The study, published in Nature Communications, was coordinated by Sonia Guedan, head of the IDIBAPS Cellular immunotherapies for cancer group and was supported by the “la Caixa” Foundation, the Spanish Association Against Cancer (AECC), the Ministry of Science, Innovation and Universities, and the EU Horizon 2020 programme. The first authors of this study are Irene Andreu-Saumell and Alba Rodríguez-García, with contributions from researchers at the Medical University of Vienna.
Is CAR T-cell therapy effective in solid tumours?
CAR T-cell therapy is a type of personalized immunotherapy that has proven highly effective in the treatment of haematological cancers such as leukaemia, lymphomas and multiple myeloma. This therapy is already used in clinical practice and the Clínic Barcelona has developed two such treatments, ARI-0001 and ARI-0002, to treat acute lymphoblastic leukaemia and multiple myeloma, respectively.
They work by modifying the patients T cells, so that they are able to recognize and specifically attack cancer cells. However, in the context of solid tumours, they have to deal with the tumour microenvironment, which often inhibits T cell activity through various escape mechanisms. One of them is the PD-1/PD-L1 axis, a pathway that tumour cells use to protect themselves from the action of the immune system.
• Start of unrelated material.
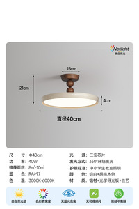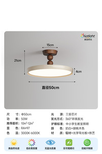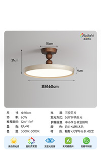 主寝室書斎天井灯中古風胡桃色全スペクトル保護眼知能灯復古児童部屋灯

The interaction of molecule PD-L1 expressed on tumour cells with the PD-1 molecule expressed on the CAR T-cells after their activation, is capable, in some cases, of inhibiting CAR T-cell function. Blocking this interaction by methods such as the use of antibodies or the genetic disruption of PD-1 are strategies that have been proposed to improve the efficacy of CAR T-cells. “To date, the results published in this line are very contradictory, both in animal models and in patients, and it is still unclear whether blocking this axis in CAR T-cells is beneficial or not”, says Sonia Guedan.
Blocking tumour cell suppression pathways
For the study, CAR T-cells that recognize the target tumour antigen with high or low affinity were generated, and their sensitivity to being inhibited by the PD-1/PD-L1 axis was characterized in several preclinical models.
One of the most significant findings is that the low-affinity CAR T-cells are more sensitive to inhibition mediated by PD-L1, a ligand that many tumour cells express at high densities to evade immune attack. However, by knocking out the PD-1 receptor in these low-affinity CAR T-cells using CRISPR/Cas9 gene-editing technology or through monoclonal antibodies, researchers were able to restore and enhance their functionality.
In contrast, high-affinity CAR T-cells were more resistant to PD-L1 inhibition and showed no significant improvement in functionality when blocking the PD-1/PD-L1 axis.
This suggests that the affinity with which a CAR molecule recognizes the tumour antigen plays a key role in determining sensitivity to PD-L1-mediated inhibition.
Implications for the design of future therapies
These results have important implications for the design of CAR T-cell therapies, especially when targeting solid tumours, where CAR T-cell therapy has not demonstrated the same efficacy as in haematological cancers. The findings suggest that adjusting the affinity to the receptors could be a key strategy for improving the resistance of CAR T-cells to tumour suppression mechanisms.
This study not only underlines the complexity of the interaction between CAR T-cells and the tumour microenvironment, it also highlights how molecular biology techniques can be used to enhance existing therapies. “A better understanding of the factors that affect the efficacy of CAR T-cells will allow us to design more effective treatments that will eventually result in better therapeutic options for people with cancer”, the authors conclude.
Study reference:
Andreu-Saumell I, Rodriguez-Garcia A, Mühlgrabner V, Gimenez-Alejandre M, Marzal B, Castellsagué J, Brasó-Maristany F, Calderon H, Angelats L, Colell S, Nuding M, Soria-Castellano M, Barbao P, Prat A, Urbano-Ispizua A, Huppa JB, Guedan S. CAR affinity modulates the sensitivity of CAR-T cells to PD-1/PD-L1-mediated inhibition. Nat Commun. 2024 Apr 26;15(1):653552. doi: 10.1038/s41467-024-47799-z.